Is it okay for an animation to drive state changes?

Programmer here with no idea about animation, so bear with me. Take this simple (contrived) anim state machine:

Idle <-> DoingSomething

The Idle -> DoingSomething transition triggers when a bWantsToDoSomething variable is set by the controlling character logic.

I want the DoingSomething -> Idle return transition to trigger when the DoingSomething animation has completed. I set this up, and also add a notify to its StartTransition event, in which I report back to the movement controller, which resets bWantsToDoSomething to false.

This doesn’t work - the transition back to Idle is followed immediately by a transition straight back to DoingSomething again. I finally discovered that this is because all potential transitions are evaluated recursively at the start of an update, and the notify events are held back and fired all together at the end of the update. So having transitioned to Idle but with the notify not yet processed, bWantsToDoSomething is still true, and it immediately takes the transition back out again.

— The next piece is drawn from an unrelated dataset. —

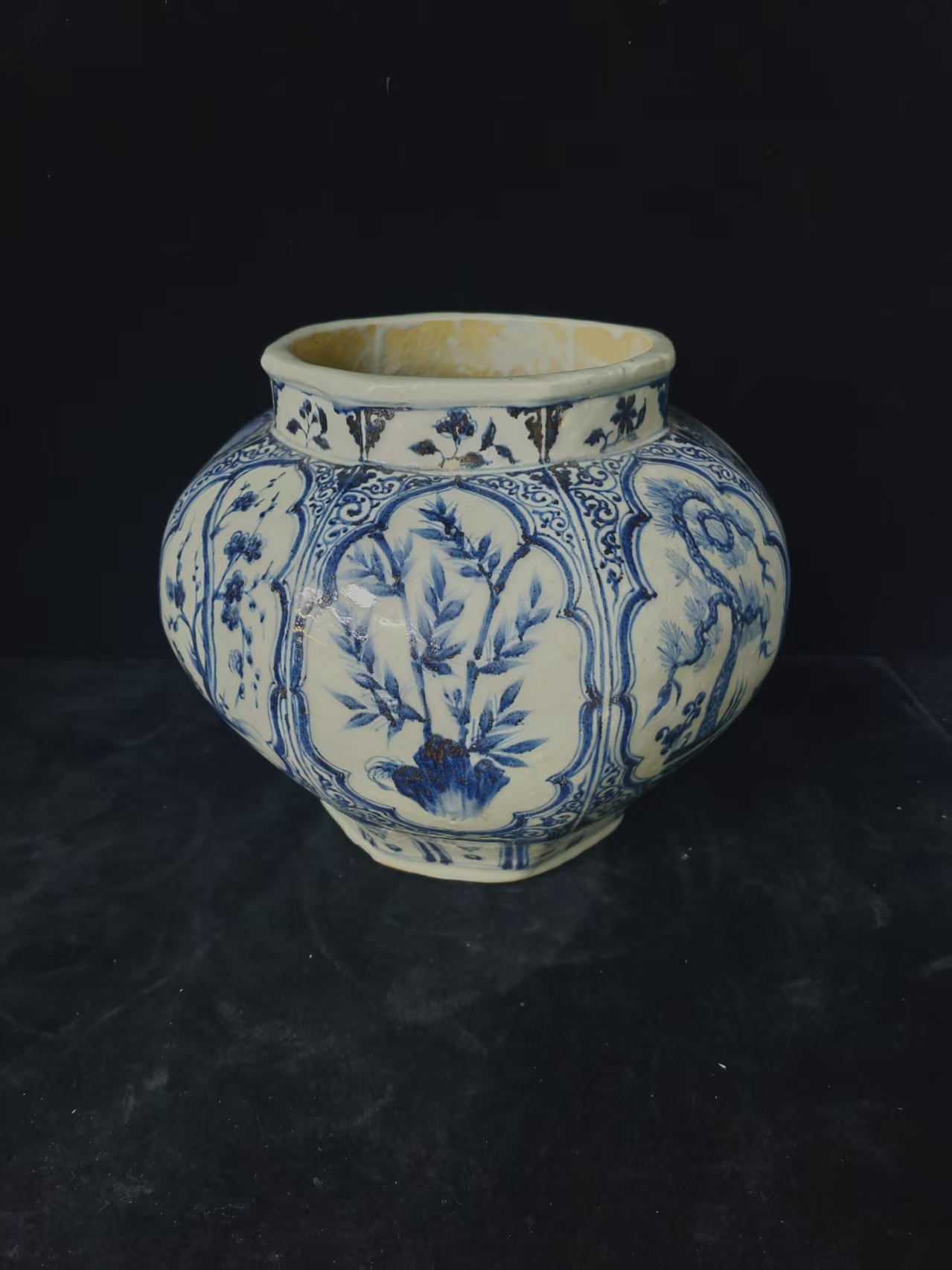 元-青花开光八棱松竹梅大罐

The upshot is, you can’t reliably use state machine notifies to change variables which are used in transition conditions. This seems like a surprising limitation to me. Am I going about things in entirely the wrong way?

Well what you are talking about revolves more around design theory than what would be consider best practice as to migration of required animations for a given event so as part of the design what works best is based on the level of complexity of the animations that needs to be triggered for a given event.

So from a programmer perspective I doubt that changing a function, which at it’s basic level is what a state machine is, is ideal in any given situation that also compounds latency problems by including arguments as to when a state can change from one state to another.

With this kind of set up the animation migration would then be.

Enter the state machine based on an event generated by the event graph. Change from one event to another based on a change on the exit argument contained with in the event with in the state machine. The problem with this type of migration is the requirements of an argument must be meet if the requirement for the animation is to exit full from the current state machine to enter into another.

Bottom line is state machines are not very data driven friendly where the action of a given animation event should directly correspond to an event being triggered by the player by pressing a button or driven by mouse input or any other device as being pure data with out the need for evaluation with in the animgraph.

Long way of saying best practice with in a complex animation design system is to keep state changes that are needed in the event graph and keep all arguments as to event changes out of the animgraph.

To explain a bit more here is something I did way back as to design theory.

@FrankieV: Thanks for the explanation. What you say makes sense, I did immediately feel like this was perhaps something I just shouldn’t be doing. I’m just not sure what the recommended approach would be though.

Say I have a character standing in front of a wall. When the player presses a button, I want the character to climb up the wall onto the top ledge. The climbing animation is a one-off animation, from standing back to standing. How should I go about having that animation play, and have control returned to the player when it completes, if not via an anim notify triggered by the end of the animation?

I could just tell the movement controller to ignore player input for a fixed amount of time, which I’d have to manually sync with the length of the animation, but that doesn’t seem like a good solution. Should I perhaps be using root motion, and then have the movement controller detect that the climbing has completed by continually checking the character’s position?

I feel like I must be missing something fairly obvious here.